Accounting Policies [Abstract]

Basis of Presentation

Basis of Presentation

The accompanying condensed consolidated financial statements are prepared in accordance with accounting principles generally accepted in the United States (“U.S. GAAP”) and include the accounts of the Company and its wholly owned subsidiary Checkmate Pharmaceuticals Security Corporation. Any reference in these notes to applicable guidance is meant to refer to the authoritative accounting principles generally accepted in the United States as found in the Accounting Standard Codification (ASC) and Accounting Standards Update (ASU) of the Financial Accounting Standards Board (FASB).

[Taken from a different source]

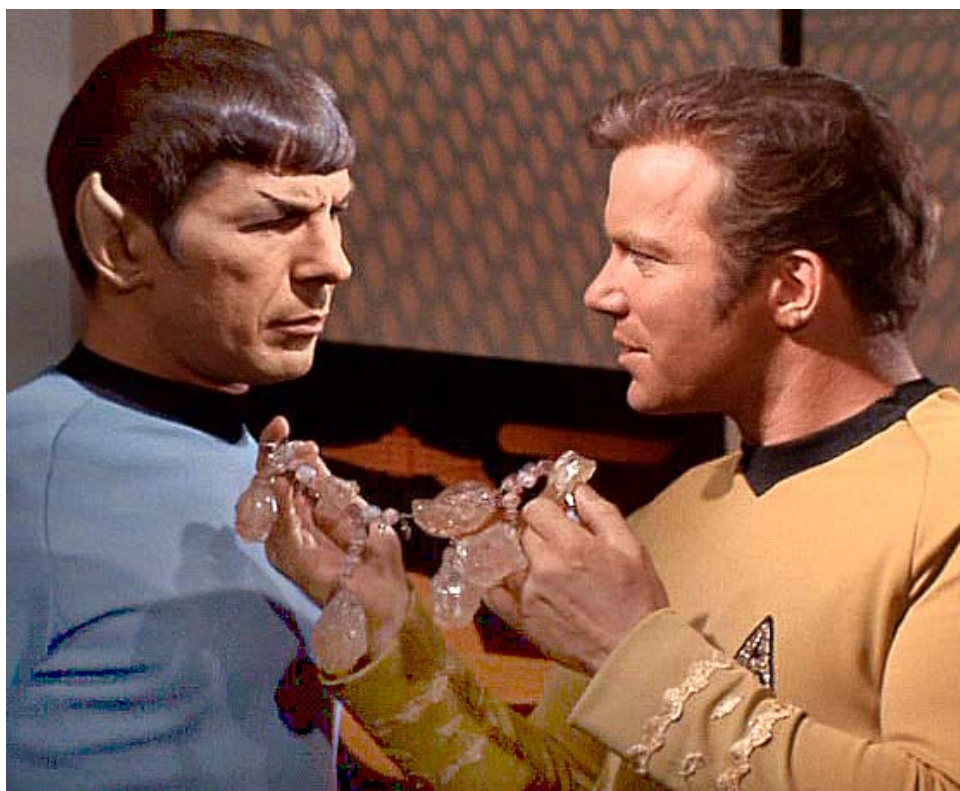
Figure 2. Leonard Nimoy (Mr. Spock) and William Shatner (Capt. Kirk) discussing the necklace of dilithium crystals.

Unaudited interim financial information

Unaudited interim financial information

The accompanying interim condensed consolidated financial statements and related disclosures are unaudited and have been prepared in accordance with GAAP for interim financial information and the instructions to Form 10-Q and Article 10 of Regulation S-X of the Exchange Act. Accordingly, they do not include all the information and footnotes required by GAAP for complete financial statements and should be read in conjunction with the Company’s financial statements and related footnotes as of and for the year ended December 31, 2020, included in the Company’s 2020 Annual Report on Form 10-K. The Company’s financial information as of June 30, 2021, and for the three and six months ended June 30, 2021 and 2020 is unaudited, but in the opinion of management, includes all adjustments, consisting only of normal recurring adjustments, considered necessary for a fair presentation of the financial position, results of operations and cash flows at the dates and for the periods presented. The balance sheet data as of December 31, 2020 was derived from audited financial statements. The results of the Company’s operations for any interim period are not necessarily indicative of the results that may be expected for any other interim period or for a full fiscal year.

Use of Estimates

Use of estimates

The preparation of the Company’s condensed consolidated financial statements in conformity with GAAP requires management to make estimates and assumptions that affect the reported amounts of assets and liabilities and the reported amounts of expenses during the reporting periods. Significant estimates and assumptions reflected in these condensed consolidated financial statements include, but are not limited to, the accrual of research and development expenses and the valuation of stock-based awards before the Company’s IPO. The Company bases its estimates on historical experience, known trends and other market-specific or other relevant factors that it believes to be reasonable under the circumstances. Estimates are periodically reviewed in light of changes in circumstances, facts and experience. Changes in estimates are recorded in the period in which they become known. Actual results may differ from those estimates or assumptions.

Machinery and equipment

Machinery and equipment

Machinery and equipment is recorded at cost less accumulated depreciation. Depreciation is recognized using the straight-line method over the estimated useful life of five years for each asset. Accumulated depreciation at June 30, 2021 was $11,000.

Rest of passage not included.